The Bear bowed to them, ironic. “They are doomed,” he added cheerfully, as though to make sure they could hear, and strode on.

“Good riddance,” Konstantin muttered, and followed. The stares of the hearth-chyerti seemed to bore into his back.

There were two men waiting for him in the audience-chamber: Brother Aleksandr and Dmitrii Ivanovich, with Dmitrii’s attendants standing woodenly behind him. The place still smelled of smoke. One wall was scarred with sword-cuts, the paint hacked away.

Dmitrii sat in his carved chair. Brother Aleksandr stood, watchful, beside him.

“That one will kill you if he can,” remarked the Bear, with a jerk of his chin at Sasha. Sasha’s eyes narrowed; was it Konstantin’s imagination or did the monk’s gaze flicker from him to the devil beside him? He knew an instant of panic.

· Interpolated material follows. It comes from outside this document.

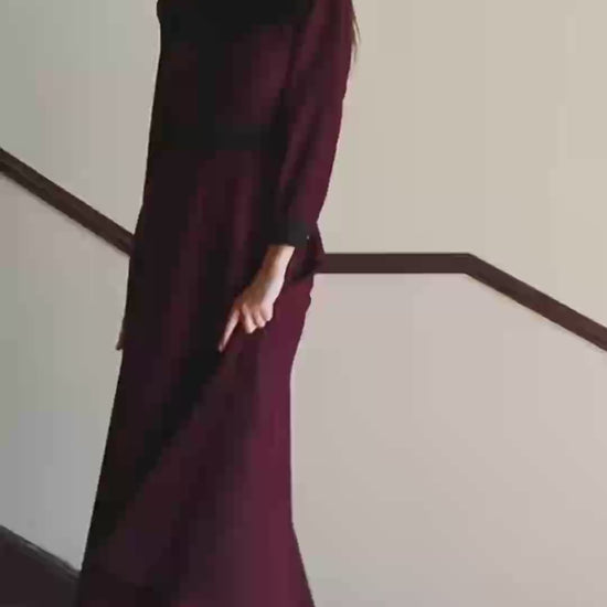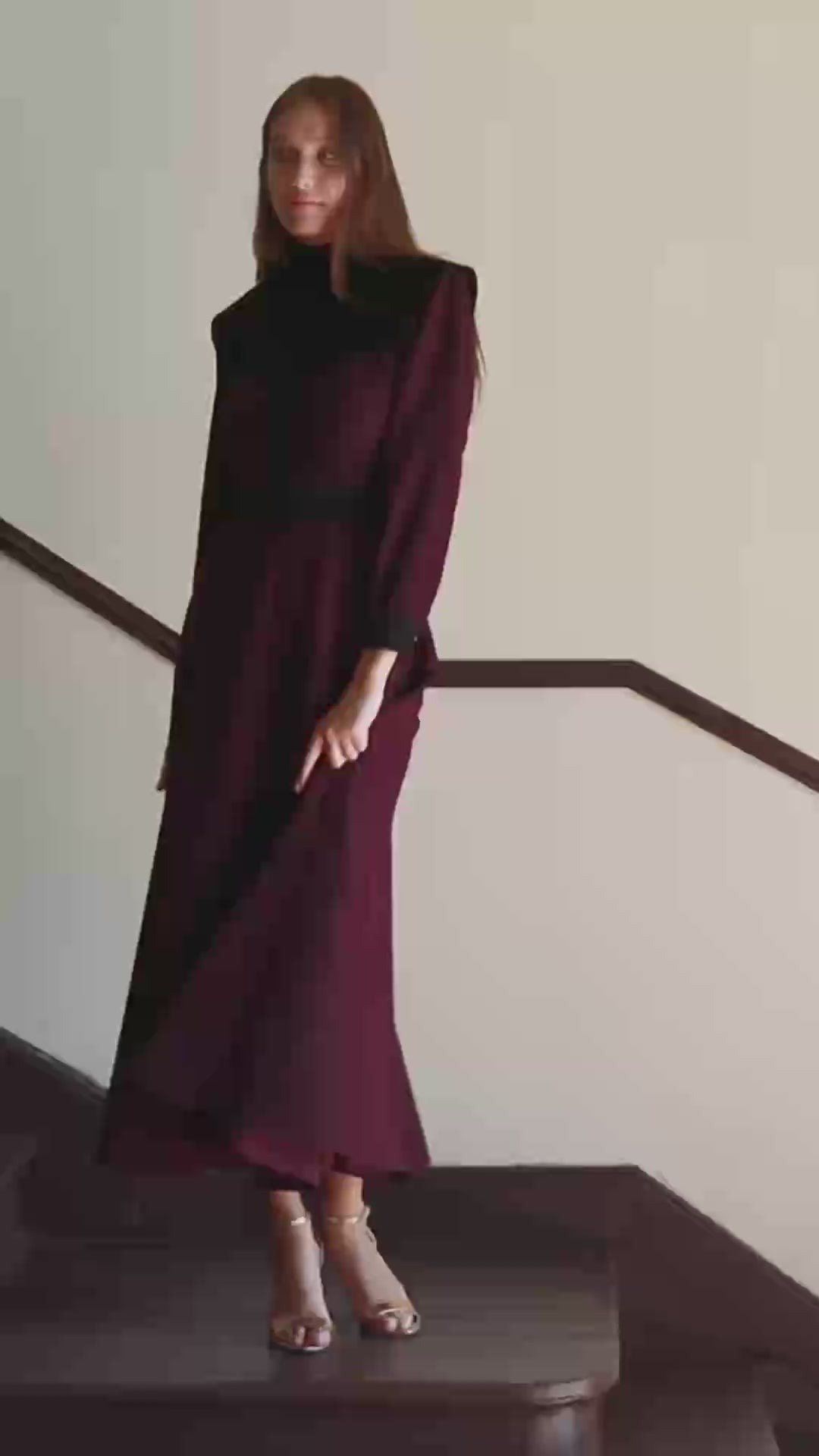 Its high neckline, slightly puffed sleeves, and flowing midi skirt make it a versatile garment, ideal for both autumn and winter events, as well as dinners or special gatherings. An exclusive design from the Coosy Studio Vol. III collection, it fuses the brand's classic spirit with a modern, minimalist touch.

“Be easy,” added the Bear, eyes still on Sasha. “He has the same blood as the witch-girl. He senses what he cannot see, but that is all.”

He paused. “Try not to get yourself killed, man of God.”

“Konstantin Nikonovich,” said Dmitrii coldly. Konstantin swallowed. “A girl, my kinswoman, was killed by fire yesterday, without trial. They are saying you set the mob of Moscow to do this.

What have you to say?”

“I did not,” said Konstantin, making his voice calm. “I tried to restrain the people from worse violence, from breaking into the terem of Serpukhov and killing the women there. That much I did, but I could not save the girl.” He did not have to feign the sorrow in his voice, just let it float up from the tangle of other emotions. “I

prayed for her soul. I could not stay the people’s wrath. By her own confession she set the fire that slew so many.”

He struck the perfect note of regretful admission. The Bear snorted beside him. Konstantin narrowly missed whipping round to glare.

Sasha, beside his cousin on the dais, stood perfectly still.

The Bear said suddenly, “The monk knows how the fire began.

Press him; he will not lie to the Grand Prince.”

“That is a lie,” Dmitrii was saying to Konstantin. “The Tatars set the fire.”

“Ask Brother Aleksandr,” returned Konstantin, letting his voice fill the room. “Ask the holy monk there, if the girl set the fire or no. In the name of God, I charge him to speak truly.”